Hastalık modeli bir taraftan da alkolizmin psikolojik açıdan incelenemez gibi algılanmasına neden olmaktadır. Oysa alkolizmin anla­şılabilmesi için psikolojik yapılanması da son derece önemlidir. Psi­kodinamik psikiyatrinin katkısı alkolizme yatkınlığın biyolojik yatkınlık kavramından bireysel yatkınlık kavramına taşınmasını sağ­lamakla olabilir. Yatkınlığı belirleyen, biyolojik özellikler kadar psi­kolojik yapılanmadır da. Bireyin bedensel ve ruhsal yapısını bireyi oluşturan bir bütün olarak ele alırsak dinamik psikiyatrinin de katkılarıyla bireysel yatkınlıktan sözedebiliriz. Her birey için temelde sa­hip olduğu biyolojik özelliklerle birlikte o özellikleri nasıl kullanaca­ğına dair edindiği yaşam deneyimi de varoluşunu belirleyicidir.
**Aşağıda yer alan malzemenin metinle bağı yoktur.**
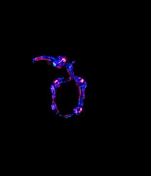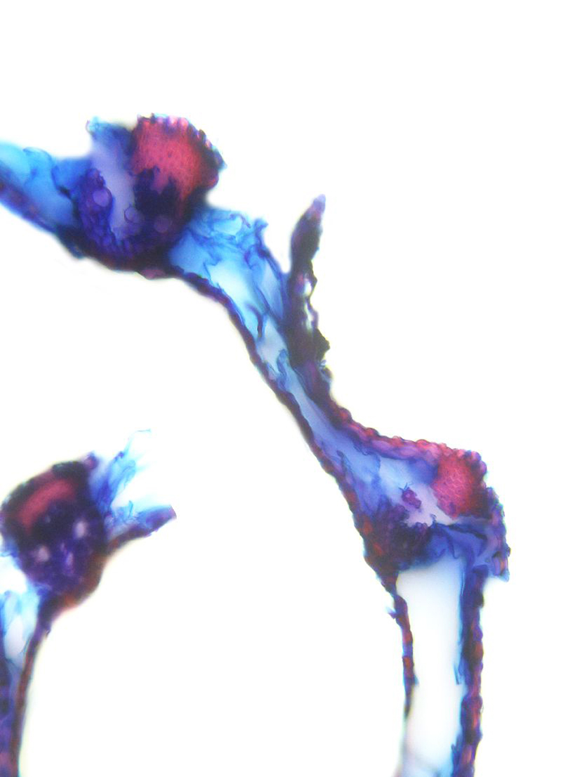 Outline wavy. Upper epidermis cells in one row. Vascular bundles centered between the upper and lower side of the leaf. Girders extending from the vascular bundle to the lower side of the leaf.

Alkolizm, birbirinden farklı birçok etken tarafından belirlenen di­namik sürecin ortak sonuçlar kümesiyse, bu etkenler içinde psikolo­jik yapılanma mutlak yeralmalıdır. Genel bir psikolojik yapılanma ta­rif etmektense bireylerin psikodinamik süreçleri üzerinde durmak ise yine en gerçekçi tutum gibi görünmekte.